For MammaPrint: The NCCN claims that the “data suggest that the additional benefit of adjuvant chemotherapy in patients with high-clinical risk/low genomic risk is likely to be small” and that the data suggest that “the results of the 70-gene signature do not provide evidence for making recommendations regarding chemotherapy for patients at low clinical risk.”

For PAM50: for “patients with T1 and T2, HR-positive, HER2-negative, lymph node-negative tumors, a ROR in the low range, regardless of tumor size, places the individual into the same prognostic category as T1a-T1b, N0, M0 tumors.

In patients with 1 – 3 lymph-node positive, HR-positive, HER2-negative disease with low-risk of recurrence score, the distant recurrence risk was less than 3.5% at 10 years with endocrine therapy alone.”

For EndoPredict: “patients with HR-positive, HER-2 negative, and lymph-node node-negative disease with a low-risk score by the 12-gene assay had risk of distant recurrence of 4% at 10 years” and “patients with T1 and T2 HR-positive, HER2-negative, and lymph node-negative tumors, a 12-gene low risk score, regardless of T size, places the tumor into the same prognostic category as T1a-T1b, N0, M0.” Citing another study, the NCCN states the following for EndoPredict: “patients with 1 – 3 positive nodes in the low-risk group had a 5.6% risk of distant recurrence at 10 years, suggesting that chemotherapy would be of limited benefit in these women.”

For the BCI: “For patients with T1 and T2 HR-positive, HER2-negative, and lymph node-negative tumors, a BCI in the low-risk range, regardless of T size, places the tumor into the same prognostic category as T1a-T1b, N0, M0. There are limited data as to the role of BCI in HR-positive, HER2-negative, and lymph node-positive breast cancer” (NCCN, 2023).

The NCCN strongly recommends (Category 1) considering the use of the 21-gene reverse transcriptase polymerase chain reaction (RT-PCR) assay for determining the use of adjuvant chemotherapy in premenopausal and postmenopausal patients with the following tumor characteristics:

  • Hormone receptor-positive
  • HER2 [human epidermal growth factor receptor 2]-negative
  • Ductal/NST, lobular, mixed or micropapillary histology
  • pT1, pT2 or pT3 stage; and pN0
  • Tumor > 0.5 cm

The assay may also be considered for pre- and postmenopausal, node-positive (up to 3 positive nodes) individuals if such individuals are candidates for chemotherapy.

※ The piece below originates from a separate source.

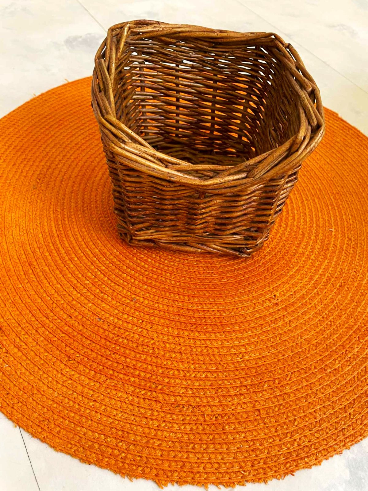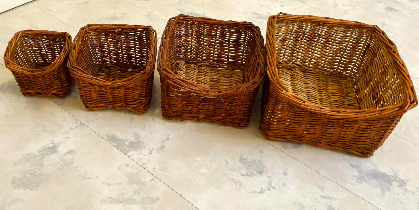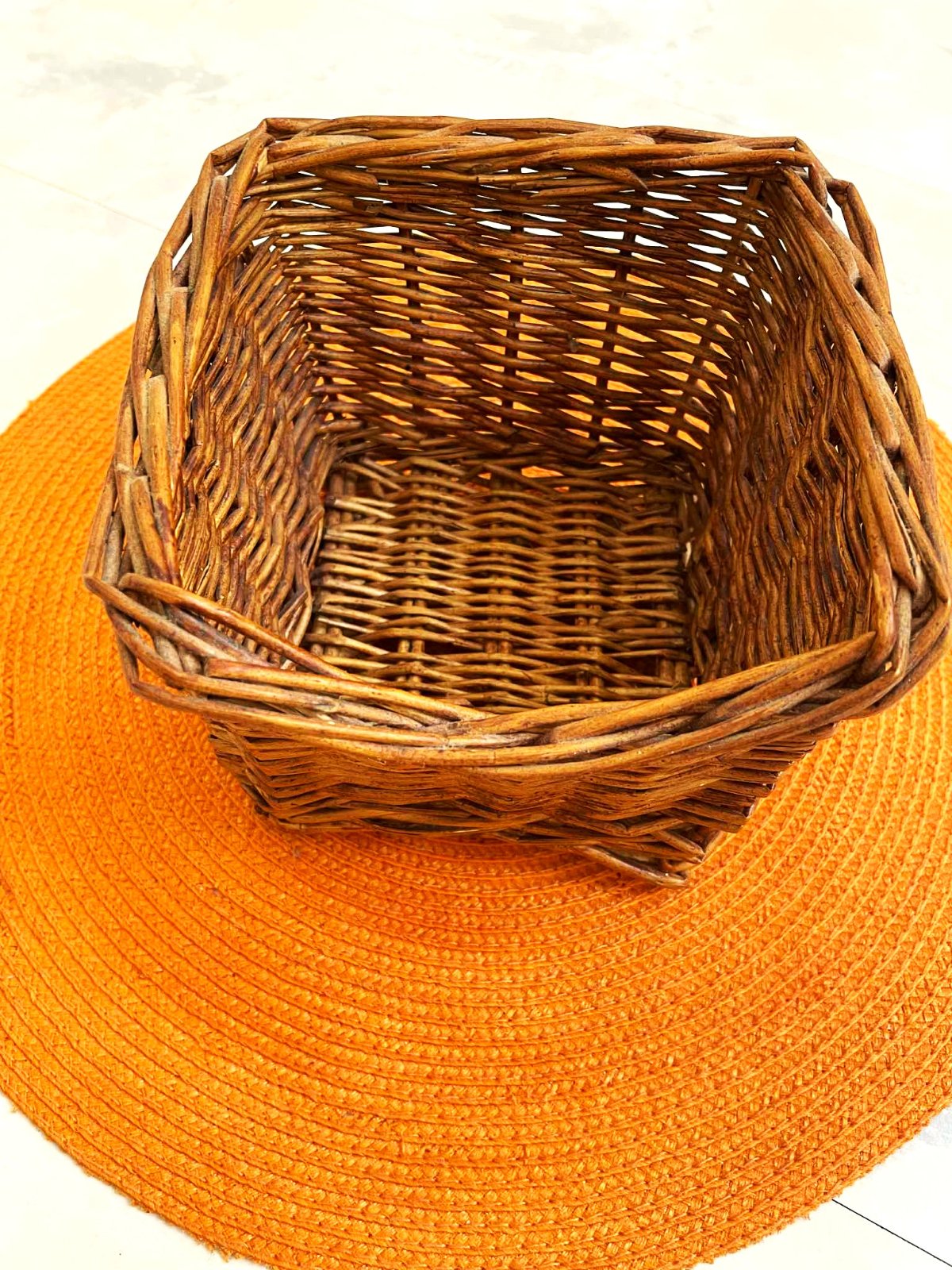 2.) 21 x 21 cm, výška = 13 cm (ten, s poškodeným výpletom ),
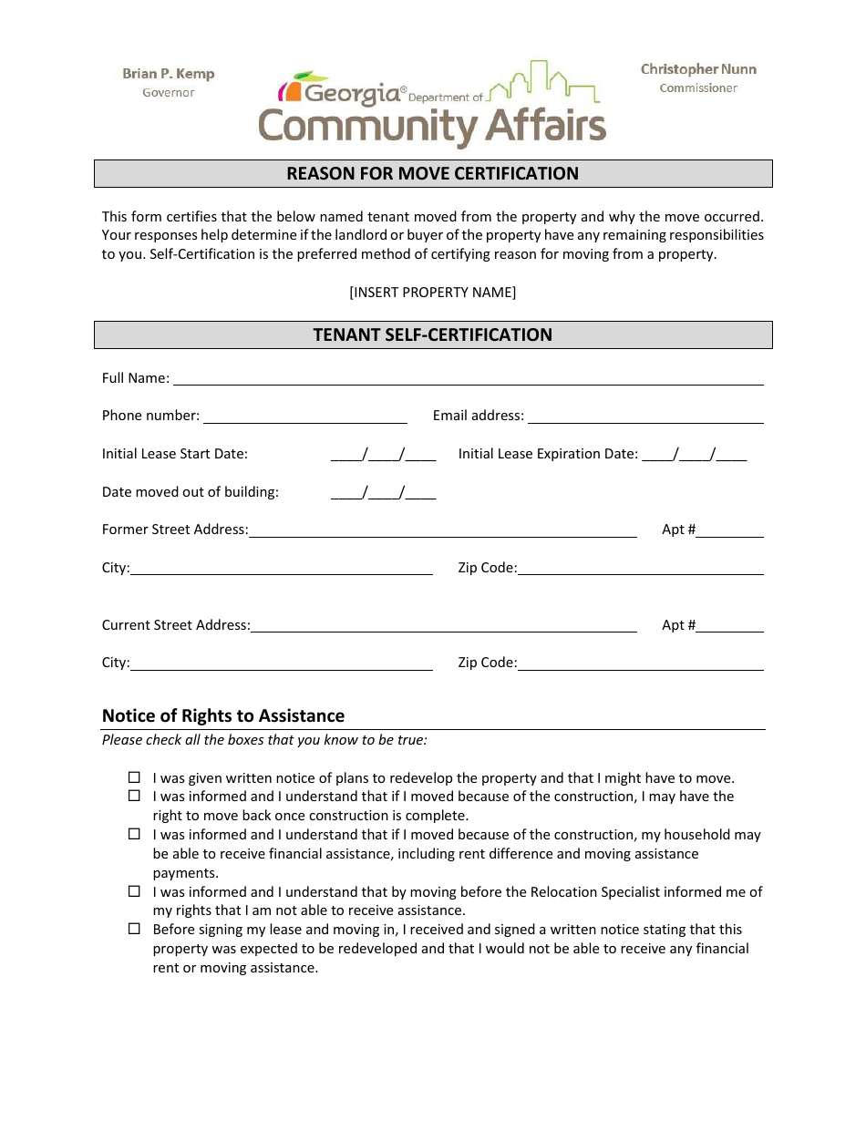 Georgia (United States) Reason for Move Certification Fill Out Sign

Within a section on special considerations for breast cancer in men, the NCCN states (Category 2A), “Data are limited regarding the use of molecular assays to assess prognosis and to predict benefit from chemotherapy in men with breast cancer. Available data suggest 21-gene assay recurrence score provides prognostic information in men with breast cancer” (NCCN, 2023).

NCCN also notes that ER status should be determined for DCIS patients, but do not mention any gene expression tests for evaluation (NCCN, 2023). 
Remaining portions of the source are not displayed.